Home Office officials said the 13 offenders deported today had been given sentences totalling more than 100 years and included three convicted of murder and another jailed for manslaughter.
Two others had convictions for sexual activity with a girl aged under 16 and another was given a six year sentence for GBH. Four more were drug offenders, while another had convictions for robbery and theft.
But a rapist whose case was cited in a letter by the Home Secretary to Labour opponents of the deportation was removed from the flight after mounting a legal challenge.
Ms Patel’s letter had described how during his trial his victim had “issued a heart-breaking statement to the court where she talked of the pain and suffering” the crime had caused her. Others understood to have been removed included a London murderer.
The deportation flight had been opposed by a number of London Labour MPs, including Streatham MP Bell Ribeiro-Addy, the former shadow home secretary Diane Abbott, and Abena Oppong-Asare, the MP for Erith and Thamesmead.

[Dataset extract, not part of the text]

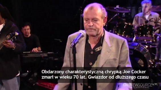 22 grudnia 2014, 22:57Skomentuj Udostępnij na X Udostępnij na FacebookuNie żyje Joe Cocker Nie żyje Joe Cocker - legendarny angielski wokalista rockowy i popowy. Miał 70 lat. Od dłuższego czasu walczył z rakiem płuc. Śmierć muzyka po nieujawnionej chorobie potwierdził jego agent. Artysta zmarł w swoim domu w Colorado.joe cocker śmierć muzyk nowotwór rak napisy +3SkomentujZwiń opis Rozwiń opis

Celebrities including the model Naomi Campbell and the actress Thandie Newton, as well as the historian David Olusaga and author Bernadine Evaristo, had also sought to stop the flight with a letter to airlines calling on them not to carry out the contract on the grounds that the deportation was “wholly inappropriate” in the wake of the Windrush scandal.
The Home Office has responded that deportations to Jamaica are only a fraction of those to EU countries and that none of those on today’s flight – or due to be on it – were born in the UK or came here when aged under 12.
It has also pointed out that the legislation used to deport the offenders was passed in 2007 after being introduced to Parliament by the then Labour government.